Николя оставил Амели одну за чашкой черного кофе и направился к стоянке фиакров.

* * *

Едва «мадам Николя», как называла себя Амели, скрылась за поворотом, Анжела бросилась к киоску. Купив наугад вечерний выпуск какой-то газеты, она села на скамейку и, держа Лизетту на коленях, стала просматривать отдел происшествий. Сердце ее бешено колотилось, в висках стучало, зуб на зуб не попадал. Строки плыли у нее перед глазами, и она никак не могла найти интересовавшее ее сообщение. Наконец она прочла:

«НОВЫЕ ПОДРОБНОСТИ ПРЕСТУПЛЕНИЯ, О КОТОРОМ СООБЩАЛОСЬ В УТРЕННЕМ ВЫПУСКЕ.

Господина Руссерана видели на бульваре Пор-Рояль, перед его особняком, с неизвестным в рабочей блузе. Они о чем-то возбужденно разговаривали. Затем оба вошли в сад, где и было совершено покушение с помощью скобеля — ножа, применяемого кожевниками. Этот нож, запачканный кровью, нашли в нескольких шагах от жертвы. Предполагают, что на жизнь г-на Руссерана покушался один из его бывших рабочих, некто Б., который, по сведениям, полученным от префекта полиции, был сослан в Новую Каледонию, но помилован президентом республики. По слухам, этот опасный коммунар вчера должен был вернуться в Париж.
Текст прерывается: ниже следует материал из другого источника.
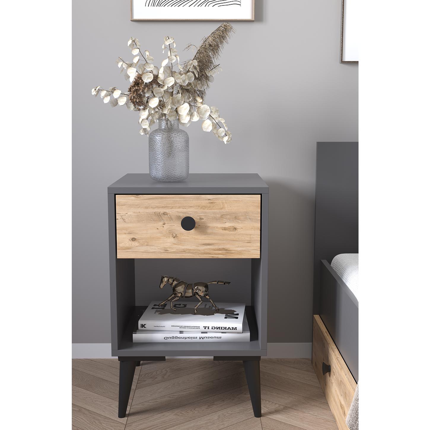 Κομοδίνο ArteLibre AMARI Ανθρακί/Δρυς Μοριοσανίδα 43x43x67.5cm
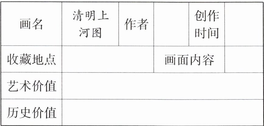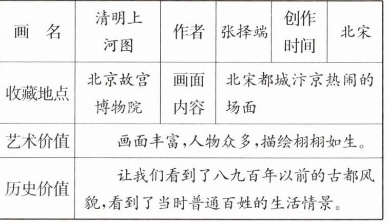 二、介绍《清明上河图》,根据课文内容完成资料小档案。

Следствие продолжается.

Господин Руссеран до сих пор не пришел в сознание. Однако лечащие его врачи не теряют надежды на благополучный исход. Весь квартал Муфтар потрясен происшествием».

Анжела сидела ни жива ни мертва, точно в беспамятстве. Газета выпала у нее из рук и полетела, уносимая порывом ветра. Все кружилось перед глазами несчастной: прохожие, деревья, дома… Сознание ее было помрачено, в ушах раздавался звон цепей и предсмертный хрип умирающих. Девушка не могла понять, как очутилась здесь, на холодном ветру. На мгновение ей почудилось, что она сошла с ума, и это ее почти обрадовало: в таком случае все, что она прочла, было плодом ее больного воображения. Но, увы, все это — правда, иначе бы она так не страдала…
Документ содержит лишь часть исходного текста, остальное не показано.